* [DATA]
■ ■ ■
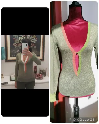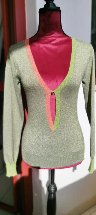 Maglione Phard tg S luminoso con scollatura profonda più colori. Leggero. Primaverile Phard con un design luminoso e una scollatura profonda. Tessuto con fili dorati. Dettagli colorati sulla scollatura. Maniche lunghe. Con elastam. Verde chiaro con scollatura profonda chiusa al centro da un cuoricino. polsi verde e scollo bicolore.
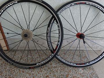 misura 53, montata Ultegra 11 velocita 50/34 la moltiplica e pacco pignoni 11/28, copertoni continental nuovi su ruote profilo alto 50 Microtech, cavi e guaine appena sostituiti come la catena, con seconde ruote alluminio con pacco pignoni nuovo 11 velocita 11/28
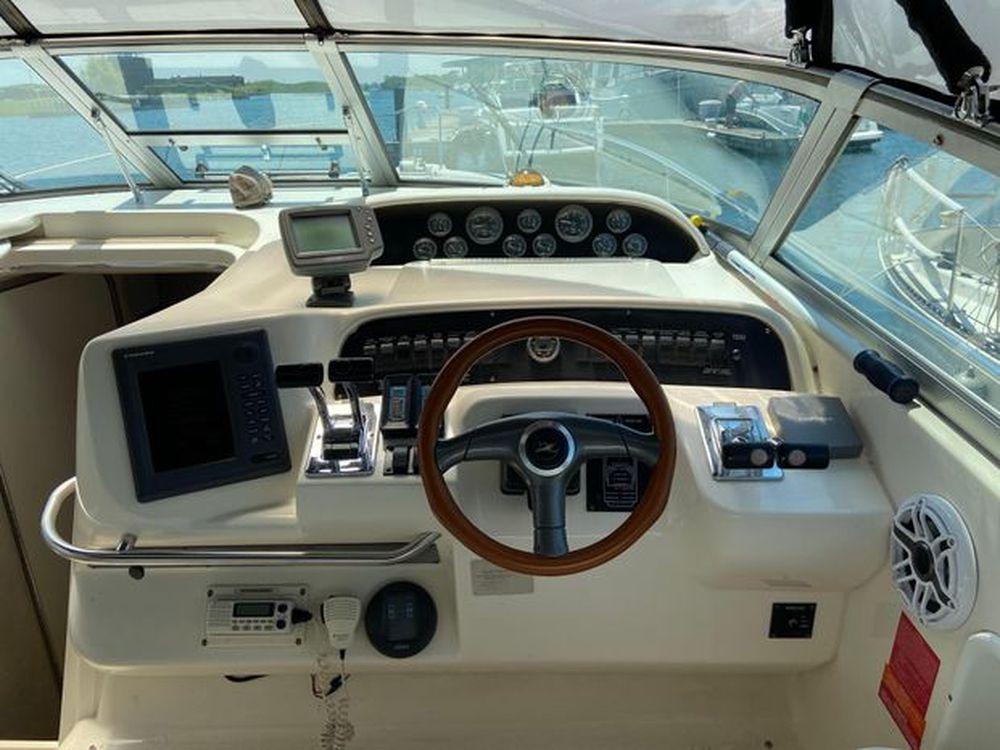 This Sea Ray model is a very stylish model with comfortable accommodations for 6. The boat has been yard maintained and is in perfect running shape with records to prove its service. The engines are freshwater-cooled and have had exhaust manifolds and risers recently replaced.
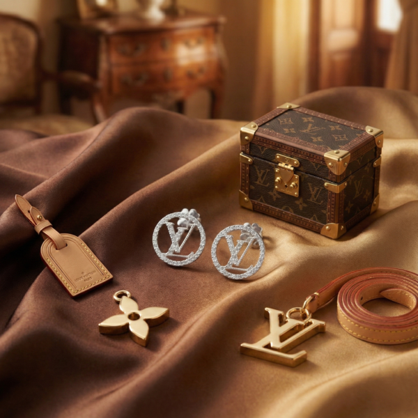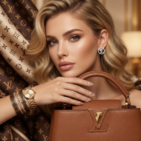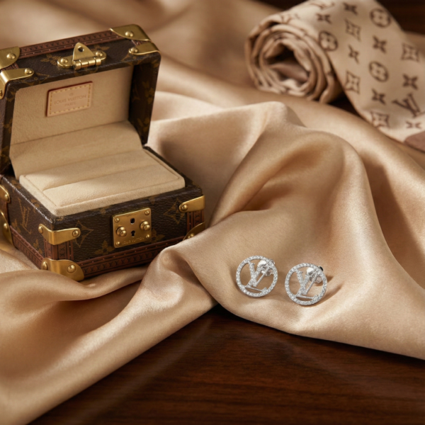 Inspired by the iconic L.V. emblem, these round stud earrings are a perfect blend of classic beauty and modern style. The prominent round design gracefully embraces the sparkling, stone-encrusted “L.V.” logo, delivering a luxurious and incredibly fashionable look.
■ ■ ■
* [EXERCISE AIM]
Give back the full listing word for word, with the pictures left out.

* [EXERCISE SOLUTION]
 Maglione Phard tg S luminoso con scollatura profonda più colori. Leggero. Primaverile Phard con un design luminoso e una scollatura profonda. Tessuto con fili dorati. Dettagli colorati sulla scollatura. Maniche lunghe. Con elastam. Verde chiaro con scollatura profonda chiusa al centro da un cuoricino. polsi verde e scollo bicolore.
 misura 53, montata Ultegra 11 velocita 50/34 la moltiplica e pacco pignoni 11/28, copertoni continental nuovi su ruote profilo alto 50 Microtech, cavi e guaine appena sostituiti come la catena, con seconde ruote alluminio con pacco pignoni nuovo 11 velocita 11/28
 This Sea Ray model is a very stylish model with comfortable accommodations for 6. The boat has been yard maintained and is in perfect running shape with records to prove its service. The engines are freshwater-cooled and have had exhaust manifolds and risers recently replaced.
 Inspired by the iconic L.V. emblem, these round stud earrings are a perfect blend of classic beauty and modern style. The prominent round design gracefully embraces the sparkling, stone-encrusted “L.V.” logo, delivering a luxurious and incredibly fashionable look.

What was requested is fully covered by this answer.